Is his order valid? And will Alabama probate judges follow it?
I Fought the Court and the Court Won
We’ve been down this road before with Chief Justice Moore. Back in January of 2015, a federal court struck down Alabama’s same-sex marriage ban as unconstitutional. Days later, Moore issued his own edict, telling probate judges they weren’t bound by the federal court decision (they were) and to not recognize same-sex marriages. In response, a federal judge reiterated the unconstitutionality of the ban and again ordered Alabama judges to issue marriage licenses to same-sex couples.
Then, in March of 2015, Justice Moore got the rest of the Alabama Supreme Court to join his quixotic quest and the court as a whole issued an opinion ordering probate judges to again cease issuing same-sex marriage licenses. Then, a few months later in June, the highest court in the land decided Obergefell v. Hodges, granting same-sex couples nationwide the right to marry. And that should have been the end of it.
I Fought the Court (Again)
But Alabama has a long and proud history of defying federal civil rights law, so here we are. Moore’s order yesterday cited a conflict between federal and state court rulings, writing, “[t]his disparity affects the administration of justice in this state.” His solution was to order all probate judges to follow the Alabama Supreme Court decision.
In response, the probate court in Mobile County stopped issuing marriage licenses to any and all couples, while a judge in Montgomery County called the order a “sad” and “pathetic” “charade” and promised to ignore it.
And the Court Will Win (Again)
The law is pretty clear on how conflicts between state and federal courts are to be resolved. Article VI, Section 2, of the U.S. Constitution states the “Constitution, and the Laws of the United States … shall be the supreme Law of the Land.” That means that rulings from federal courts, including and most especially the Supreme Court, prevail over any conflicting or inconsistent state court rulings.

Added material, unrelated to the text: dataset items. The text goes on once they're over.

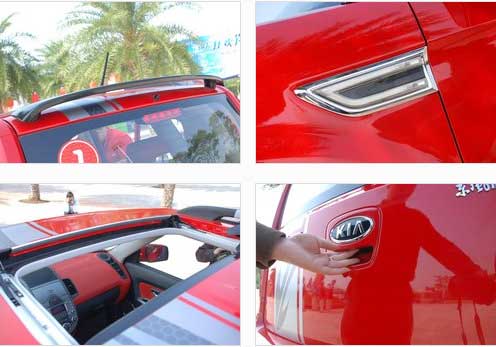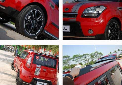 东风悦达起亚SOUL由官方提供了一套改装配件,正如您在上面照片中所看到的,包括前后保险杠、大灯下方的灯眉、18寸黑色花型轮毂、车身侧面裙边包围、后尾翼以及车身拉花,一台普通的SOUL就这样变身为了一台与众不同的SOUL,多了几分动感也多了几分张扬。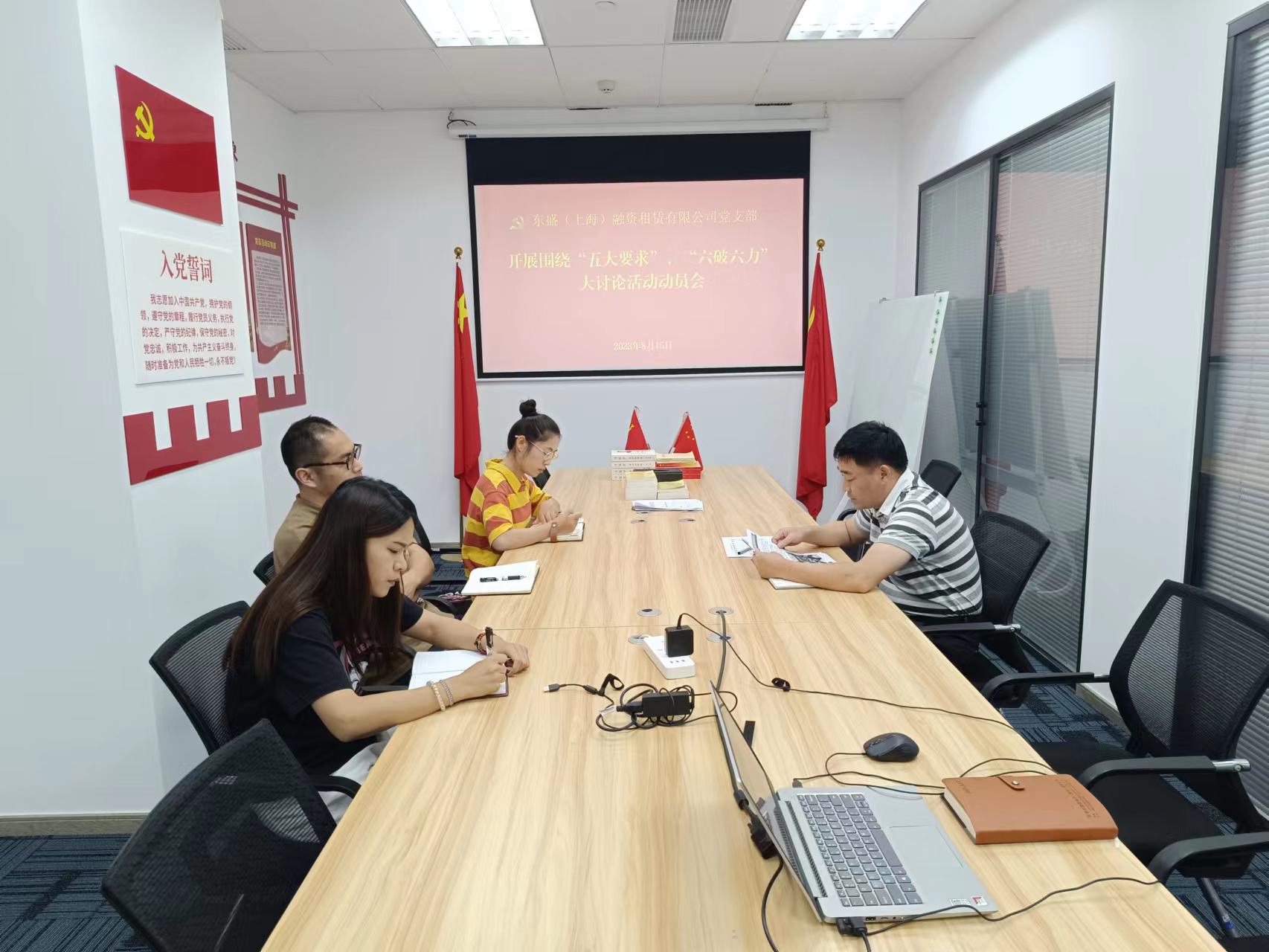 2023年8月16日下午,东盛租赁公司召开围绕“五大”要求、“六破六立”大讨论活动动员会。东盛租赁公司总经理王智主持会议,周慧茹、许南南、周云峰、王克参加了会议。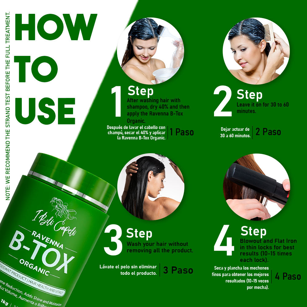 After washing the hair with a clarifying shampoo, partially dry the hair (about 40%) and apply the B-tox Organic. Leave it on for 15 to 60 minutes, depending on the desired straightening effect. Separate the hair into fine sections, blow-dry completely, and finish with a flat iron. Once the hair has cooled, rinse lightly if necessary and style as desired. Then, at the next hair wash, apply the Ravenna Hair Mask to clean, damp hair, distributing it along the lengths and ends. Leave it on for 3 to 5 minutes and rinse thoroughly.

This may seem like nothing more than political posturing from a religiously conservative judge, the order has real world impacts for same-sex couples. Instead of simply exercising their constitutional right to marry, same-sex couples in Alabama will likely need to file a federal lawsuit to force state probate judges to recognize that right, delaying what should be for everyone their happiest day.